I did research on machine learning in my PhD (Physics) from 2013-2018 at Caltech, in sunny Los Angeles, advised by Yisong Yue. I primarily worked on hierarchical deep learning for spatiotemporal data and reinforcement learning.

2015: As a Google research intern, I worked on improving the robustness of deep neural networks for image classification, together with Yang Song, Thomas Leung and Ian Goodfellow.

2016: I spent another summer doing question-answering in natural language processing (NLP) with deep learning at Google Brain with Andrew Dai and Samy Bengio.

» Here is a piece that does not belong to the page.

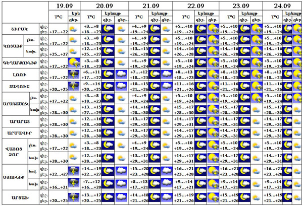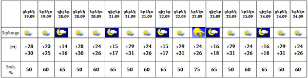 Սեպտեմբերի 19-ի ցերեկը, 20-21-ը, 23-24-ը սպասվում է առանց տեղումների եղանակ: Սեպտեմբերի 22-ի երեկոյան ժամերին սպասվում է անձրև և ամպրոպ, ամպրոպի ժամանակ՝ քամու ուժգնացում՝ 15-20 մ/վ:

I studied math and theoretical physics (BSc, MSc) at Utrecht University from 2006-2011. I went down the rabbit hole on superstring theory and wrote my master's thesis on exotic dualities and geometry in supersymmetric quantum field theory, advised by Robbert Dijkgraaf and Stefan Vandoren.

I spent all of 2010 visiting Harvard University, where I dove deep into the intersection of geometry and physics.

In 2011-2012, I did Part III Mathematics at the University of Cambridge. Because honestly, who doesn't want to pretend being at Hogwarts for a little bit...

machine learning

NAOMI: Non-autoregressive Missing Value Imputation
Y. Liu, R. Yu, S. Zheng, E. Zhan, Y. Yue, NeurIPS 2019.


Generating Multi-Agent Trajectories using Programmatic Weak Supervision
E. Zhan, S. Zheng, Y. Yue, P. Lucey, ICLR 2019.

[PDF] [ Demo]

Detecting Adversarial Examples via Neural Fingerprinting.
S. Zheng*, S. Dathathri*, R. Murray, Y. Yue, in submission. (* equal contribution)

[PDF] [Code]

How can we detect adversarial examples? Neural Fingerprinting detects state-of-the-art adversarial attacks with nerar-perfect detection rates on MNIST, CIFAR and MiniImagenet!

Long-term Forecasting using Tensor-Train RNNs.
R. Yu*, S. Zheng*, A. Anandkumar, Y. Yue, in submission. (* equal contribution)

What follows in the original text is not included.